**Directions for this task:** Wherever pictures appear in the listing below, leave them out, and copy exactly, and only, everything from the line with "Automaton containing thorny" down to the line with "(Used) 2023 Kenworth".

**Supplied information:**
---+---
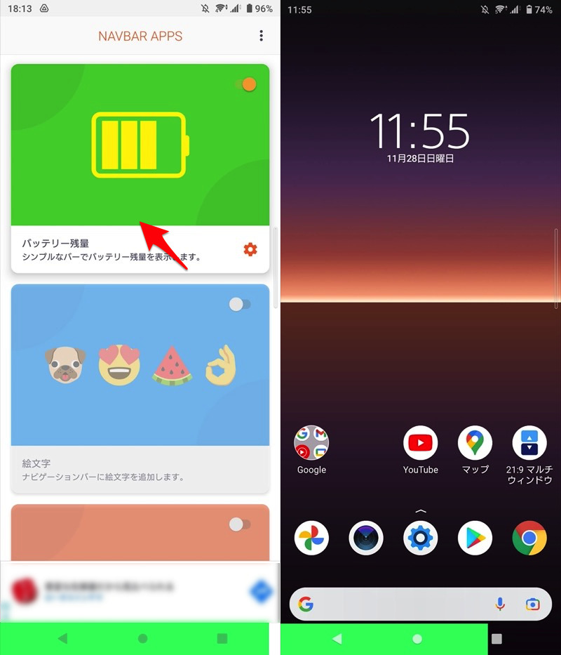 当您检查剩余电池电量(左)时,导航栏中会出现一个指示剩余电池电量的条(右)。
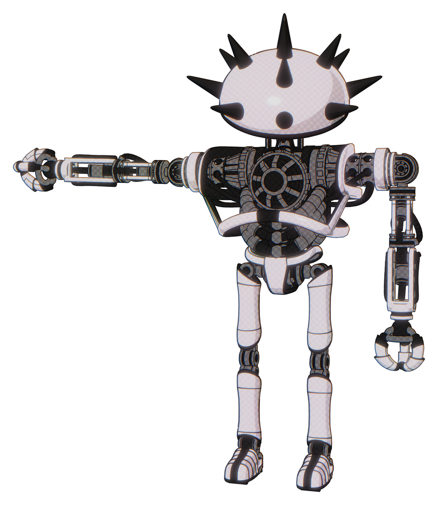 Automaton containing thorny domehead design and heavy upper chest and no chest plating and ultralight foot exosuit. White halftone toon. Arm out holding invisible object..
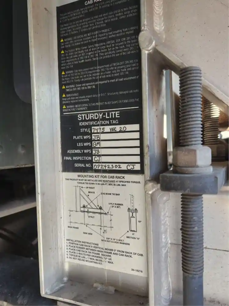 (Used) 2023 Kenworth T680, ALUMINUM HEADACHE RACK WITH CHAIN HOLDERS AND BOX- Serial Number: 07242302, Make: STURDY-LITE, Material: Aluminum, Dimensions: W=7.1FT, H=6.1FT, L=1.8FT", Minor Damage!! Reference images for condition,
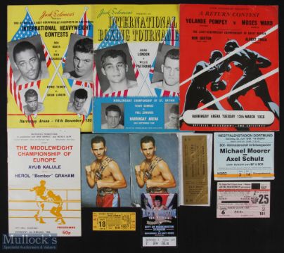 1956-2008 Boxing programmes and Tickets, to include programmes of Yolande Pompey v Moses Ward 13th March 1956, Brian London v Willie Pastrano 30th Sept 1958-has damage to cover, Bob Baker v Dick Richardson 10th Dec 1957, Ayub Kalule v Herol Bomber Graham Sheffield 5th Feb 1986, tickets of Alan Rudkin v Walter McGowan Nino Benvenuti v Doyle Baird, Roger Rouse v Jose Torres 1968, Michael Moorer v Axel Schulz 1996, and a Ricky Hatton home coming ticket 2008, 2 signed Carl Crook photo cards (11)
---+---
**Exercise result:**
 Automaton containing thorny domehead design and heavy upper chest and no chest plating and ultralight foot exosuit. White halftone toon. Arm out holding invisible object..
 (Used) 2023 Kenworth T680, ALUMINUM HEADACHE RACK WITH CHAIN HOLDERS AND BOX- Serial Number: 07242302, Make: STURDY-LITE, Material: Aluminum, Dimensions: W=7.1FT, H=6.1FT, L=1.8FT", Minor Damage!! Reference images for condition,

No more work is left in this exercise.